Science:Math Exam Resources/Courses/MATH152/April 2010/Question A 15

Eigenvalues are the zeros of characteristic polynomial

${\displaystyle \displaystyle \mathrm {det} (A-\lambda I)}$

where I is the identity matrix.

It is sometimes faster to use the fact that the sum and product of the eigenvalues equals the trace and determinant of the matrix, respectively.

We calculate the characteristic polynomial.

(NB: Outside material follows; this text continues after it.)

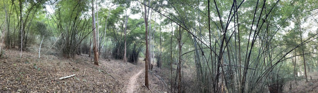 Wir bleiben zum Glück verschont, und bis auf ein paar kleinere Springspinnen auf dem Boden sehen wir keine anderen. Wir sehen zum Glück auch sonst nichts, was man im thailändischen Dickicht vermuten könnte. Liegt aber wahrscheinlich auch daran, dass uns die Naturbewohner schon 5km gegen den Wind gehört haben, weil das großblättrige Laub am Boden richtig Lärm macht beim Drübergehen.
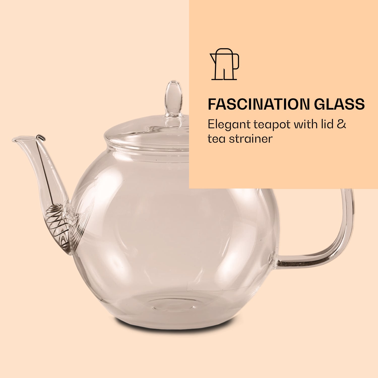 Zvodný pohľad na čajový stôl: luxusná sklenená kanvica Bedida od Feelino by Klarstein vyžaruje čistú nostalgiu vďaka svojmu baňatému tvaru a harmonicky tvarovanému sklenenému uzáveru. Vďaka výrobe fúkaním z ušľachtilého borosilikátového skla je každá čajová kanvica jedinečná. Okrem jedinečnej kvality skla s vysokou odolnosťou a dobrým tepelno-izolačnými vlastnosťami zaujme aj praktický a zároveň dekoratívny doplnok: špirálové sitko na čaj z nehrdzavejúcej ocele je umiestnené v zakrivenom hrdle – sypaný čaj tak pri zalievaní zostane v kanvici. Vďaka vysokokvalitnému borosilikátovému sklu sa vytvára termo efekt, ktorý čaj udrží dlho teplý.Pitie čaju ako prírodné divadlo: čajová kanvica z fúkaného skla Bedida od Feelino by Klarstein nádherne ukazuje cez svoju baňatú sklenenú vrstvu, ako sa pod vodou exotické čajové kvety farebne rozvíjajú.

${\displaystyle {\begin{aligned}p(\lambda )&=\mathrm {det} (A-\lambda I)\\&=\mathrm {det} \left(\left[{\begin{array}{cc}3-\lambda &1\\1&3-\lambda \end{array}}\right]\right)\\&=(3-\lambda )^{2}-1=\lambda ^{2}-6\lambda +8\end{aligned}}}$

Setting ${\displaystyle p(\lambda )=0}$ we obtain

${\displaystyle \displaystyle \lambda ={\frac {6\pm {\sqrt {6^{2}-4(1)(8)}}}{2}}={\frac {6\pm 2}{2}}}$

Therefore the eigenvalues are ${\displaystyle \lambda =2}$ and ${\displaystyle \lambda =4}$.

Using Hint 2 we can set up the following two equations:

${\displaystyle {\begin{aligned}\mathrm {trace} (A)=6&=\lambda _{1}+\lambda _{2}\\\mathrm {det} (A)=8&=\lambda _{1}\lambda _{2}\end{aligned}}}$

From here we quickly see the solutions ${\displaystyle \lambda =2}$ and ${\displaystyle \lambda =4}$.